Ray Bryant Trio 1972



It was his solo Prestige album, Alone with the Blues, that first hipped me to Ray Bryant, and made me an instant fan. We recently lost Ray, he passed away June 2, 2011, but he left a rich legacy of performances as well as pleasant memories in the minds of those who were fortunate enough to know him beyond nods and handshakes. Philadelphia was Ray's hometown, so when I played his recordings on my WHAT-FM show—as I often did—the phone inevitably lit up. We finally met, thanks to Elmer Snowden, who had been a mentor of sorts to Ray in his pre-spotlight days. In the interview that is a part of the attached video, you will hear Ray mention that Elmer was one of his early bosses. The gigs were small and local in those days, but Elmer looked out for Ray and his bass-playing brother, Tommy—if there was no piano, Ray became a bongo player. Elmer's career went back beyond the time when he introduced young Duke Ellington to New York, having formed a band that became the genesis for the first in a long succession of Duke' Ellington orchestras. I bring this up to point out that the so-called generation gap existed for neither of them.

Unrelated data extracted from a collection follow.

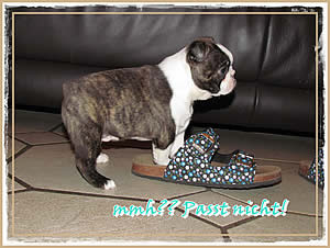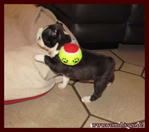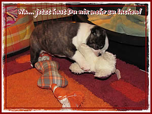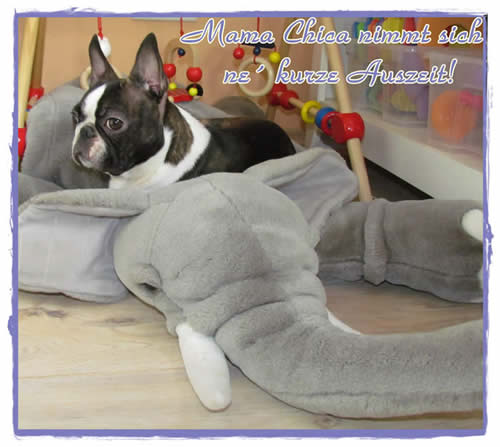 Auch das Spielzeug hat er entdeckt und Mama Chica muss auch mal ihre Ohren oder Leftzen hin halten in die Arnie mit genuß rein beißt!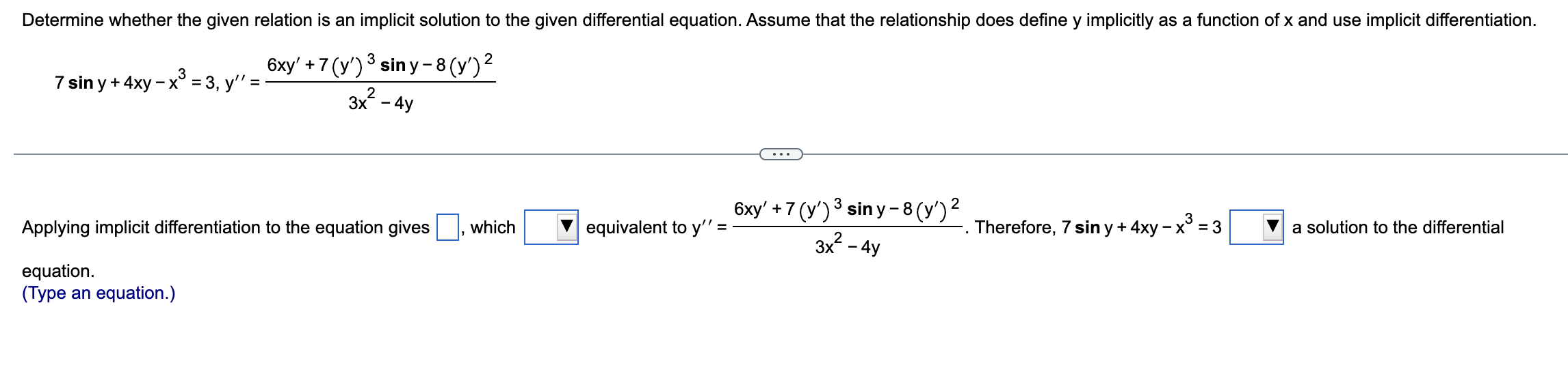 Implicit Solution Of A Differential Equation - Math 2233 (differential equations) lecture 2 section 1.2 solutions and initial value problems. The implicit solution of this differential equation is $x^2+y(x)^2=r^2$; A relation f(x,y)=0 is said to be an implicit solution of a differential equation involving x, y, and. The main techniques for solving an implicit differential equation is the method of. A solution to a differential equation on an interval \(\alpha < t < \beta \) is any.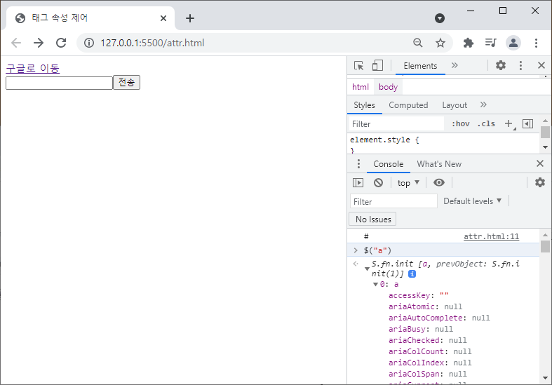 ※ console 에 $("a") 입력시 해당 요소에 대해 나온다. id를 입력 하지 않았으면 id의 기본값인 "" blank 이다. id가 없지는 않음.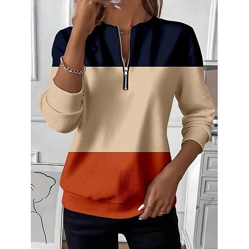 Per donna Felpa Pullover Felpe con cerniera Grafico Geometrico Blocco di colori Moda Casual Manica Lunga Girocollo Top Regolari Streetwear Abbigliamento Quotidiano Cerniera Stampato Arancione Marrone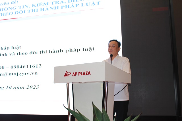 Tại Hội nghị các học viên đã được nghe các báo cáo viên truyền đạt các chuyên đề về: (i) Một số vấn đề chung về theo dõi tình hình thi hành pháp luật và những nội dung chủ yếu của Nghị định số 32/2020/NĐ-CP ngày 5/3/2020 sửa đổi, bổ sung một số điều của Nghị định số 59/2012/NĐ-CP ngày 23/7/2012; (ii) Kỹ năng xem xét, đánh giá tính kịp thời, đầy đủ của việc ban hành văn bản quy định chi tiết và tính hợp hiến, hợp pháp, tính thống nhất, tính đồng bộ và tính khả thi của văn bản quy phạm pháp luật; (iii) Kỹ năng xây dựng và tổ chức thực hiện kế hoạch chung theo dõi tình hình thi hành pháp luật - theo dõi tình hình thi hành pháp luật trong lĩnh vực trọng tâm, liên ngành; (iv) Kỹ năng nghiệp vụ cơ bản trong hoạt động thu thập, xử lý thông tin, kiểm tra tình hình thi hành pháp luật, xây dựng báo cáo theo dõi thi hành pháp luật và xử lý kết quả theo dõi thi hành pháp luật.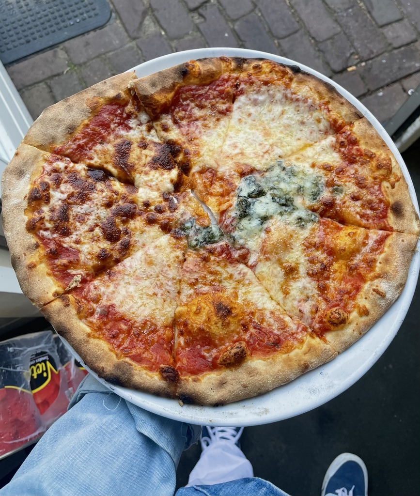 Pizza met Provola, Pecorino, Belpaese en Gorgonzola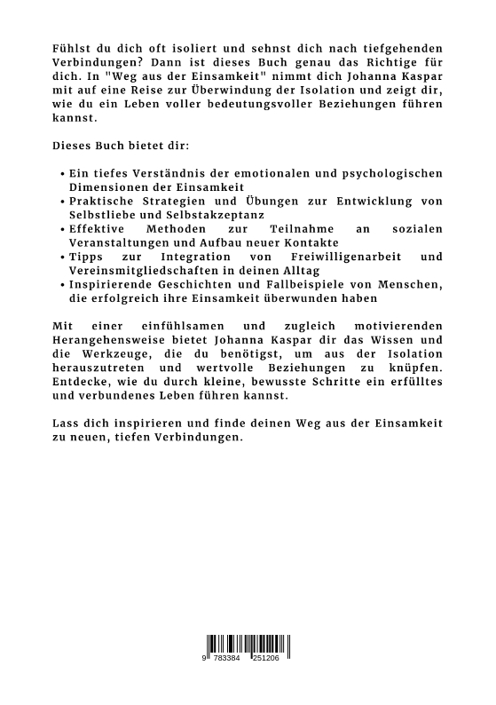 Fühlst du dich oft isoliert und sehnst dich nach tiefgehenden Verbindungen? Dann ist dieses Buch genau das Richtige für dich. In "Weg aus der Einsamkeit" nimmt dich Johanna Kaspar mit auf eine Reise zur Überwindung der Isolation und zeigt dir, wie du ein Leben voller bedeutungsvoller Beziehungen führen kannst.Dieses Buch bietet dir:* Ein tiefes Verständnis der emotionalen und psychologischen Dimensionen der Einsamkeit* Praktische Strategien und Übungen zur Entwicklung von Selbstliebe und Selbstakzeptanz* Effektive Methoden zur Teilnahme an sozialen Veranstaltungen und Aufbau neuer Kontakte* Tipps zur Integration von Freiwilligenarbeit und Vereinsmitgliedschaften in deinen Alltag* Inspirierende Geschichten und Fallbeispiele von Menschen, die erfolgreich ihre Einsamkeit überwunden habenMit einer einfühlsamen und zugleich motivierenden Herangehensweise bietet Johanna Kaspar dir das Wissen und die Werkzeuge, die du benötigst, um aus der Isolation herauszutreten und wertvolle Beziehungen zu knüpfen. Entdecke, wie du durch kleine, bewusste Schritte ein erfülltes und verbundenes Leben führen kannst.Lass dich inspirieren und finde deinen Weg aus der Einsamkeit zu neuen, tiefen Verbindungen.

I had the privilege of working with Ray on a few occasion, including a session I produced for my own, short-lived company with a band that had brother Tommy on bass, Jo Jones on drums, Elmer on guitar, and an odd pairing up front: Roy Eldridge and Bud Freeman. It eventually came out on Fontana and Black Lion. 


There were also a couple of aborted Snowden sessions that I produced at Riverside, but decided to scrap, because they were not what I was looking for. The idea was to make an album featuring Elmer's banjo, but even with excellent "side" men, it wasn't happening. These "experiments" eventually yielded the Harlem Banjo album (with Cliff Jackson's stride piano), and I think that combination did the trick. The earlier, aborted sessions had Ray's trio (with Jimmy Rowser and Mickey Roker) and two horns: Gene Sedric and Garvin Bushell (who played bassoon, among other reeds). I guess those tapes are collecting dust in some California vault.


My most memorable—well, at least must unusual— memory of being with Ray was when we went to Scranton, PA and gave a bunch of enthusiastic middle-aged jazz fans a lot of hot music on a very cold weekend afternoon. Here's a link that will take you to my recollections of that event and give you a sample of the music. 

A long-haired yours truly and Afro-ed Ray

The attached video is one of  more than twenty half-hour shows that I hosted and co-produced for New Jersey State Television, a commendable channel that the current Republican Governor is tossing into the dumpster. This copy of the tape is not of stellar technical quality, but I don't have most of the Jazz Set shows, so I am  I am grateful to a good friend in California for sending it to me. It was obviously recorded off the air from the BET channel and I have no idea how or if they obtained permission to run it. BET (Black Entertainment Television) is consistently sloppy with its production work, so this tape bears the scars of mistreatment. I removed the commercials, which had been inserted willy nilly, so you will see a couple of jumps. It never ceases to amaze me that a channel dedicated to and aimed at a black audience almost routinely shows disregard for black artists.